Second-class residents

See also: path to citizenship, guest worker programs, territorialism, and local inequality aversion.

One of the keyhole solutions that have been offered for the many claimed harms of immigration is the use and expansion of guest worker programs. Many people have objected to guest worker programs on the grounds that such programs create “second class residents” (often called “second class citizens” though that term is somewhat inaccurate since guest workers are not granted citizenship). The crux of this objection is that there is something fundamentally wrong about different people in the same geographic region having different bundles of privileges, specifically that some people can vote and others can’t, or that some people have access to various aspects of the welfare state and others don’t.

One of the motivations behind the second-class residents objection might be local inequality aversion.

Interestingly, the “second-class residents” objection is raised by people on both ends of the open borders debate.
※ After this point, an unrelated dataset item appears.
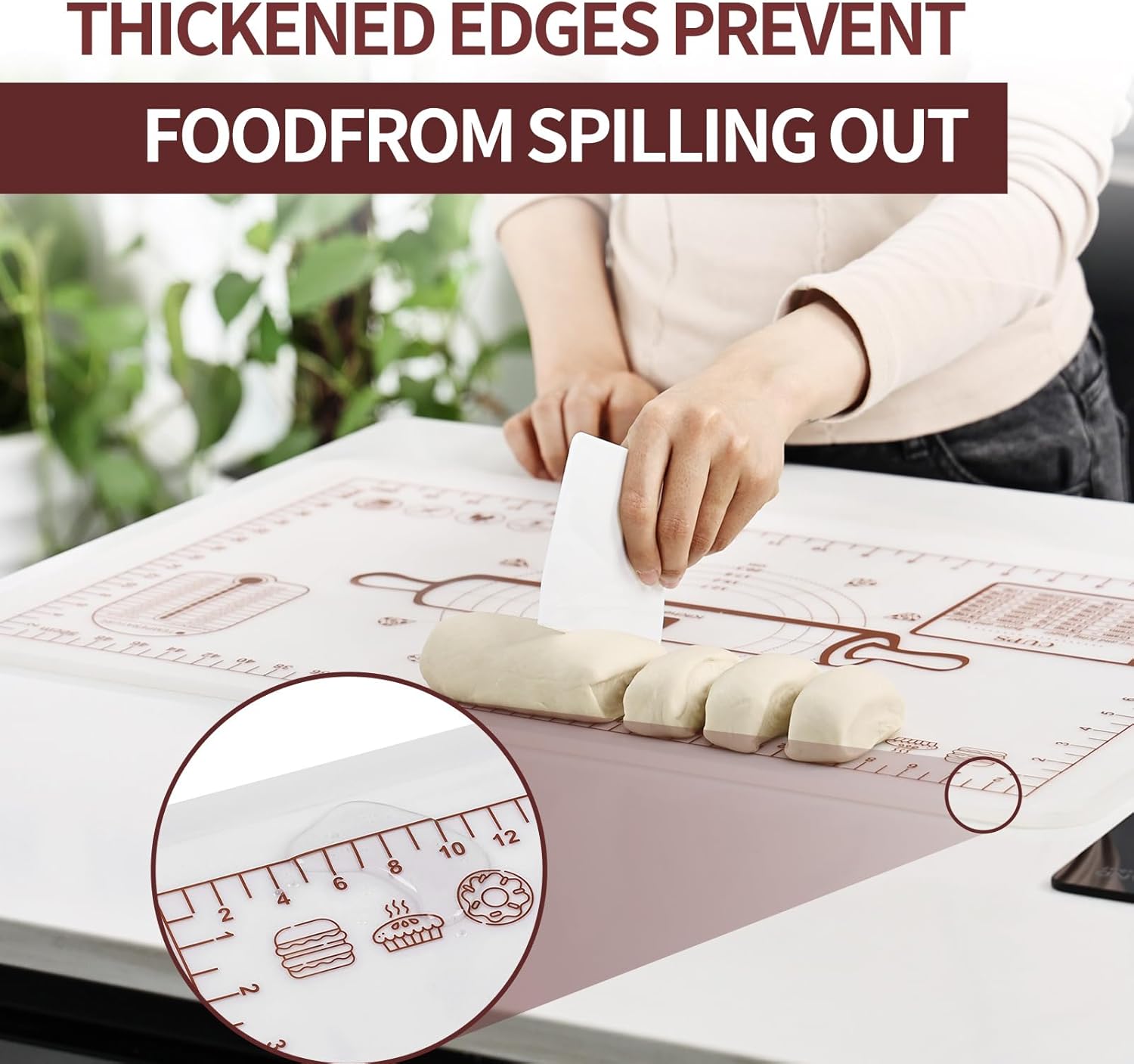 - 【Double thickness】The thickness of silicone rolling mat is 0.8mm and the edge height is 4mm. The unique raised edge design can prevent the water from leaking when you knead the dough, keep your desk clean. Dough mat of is much thicker and more durable, so it is very hard to wrinkle and move when you roll out the dough.

It is also argued against by people on both ends of the open border debate.

  • Restrictionists making the second-class residents argument: Some restrictionists view immigration as an “all-or-none” deal — either a person immigrates with full political privileges and welfare state access rights, or the person doesn’t immigrate at all. This, combined with their views of the various harms associated with immigration, leads them to a “low-immigration, pro-immigrant” stance such as that of the Center for Immigration Studies.
  • Open borders advocates making the second-class residents argument: Some open borders advocates wish to see the border open and believe that compromise regarding the political privileges and welfare state access benefits of immigrants is not acceptable. So, they support open borders and reject guest worker programs.
  • Restrictionists who reject the second-class residents argument: Many restrictionists are open to considering guest worker programs if these substitute away from existing immigration, but are not keen to expand such programs to increase the overall quantity of immigration. Such restrictionists usually think that the evils of immigration with full political privileges are greater than the possible evil or injustice of the “second-class residents” dynamic created by guest worker programs.
  • Open borders advocates who reject the second-class residents argument: These are typically people who are pushing for changes to the status quo and are willing to make compromises in the rights of immigrants to enable larger quantities of immigration. Many of these open borders advocates also hail from a libertarian tradition that treats voting privileges and welfare state access rights as instrumentally useful rather than fundamental/inalienable rights, so they don’t see it as a massive injustice if a system gives people an option to voluntarily forego some political privileges or welfare state benefits in exchange for migrating to the destination of their choice.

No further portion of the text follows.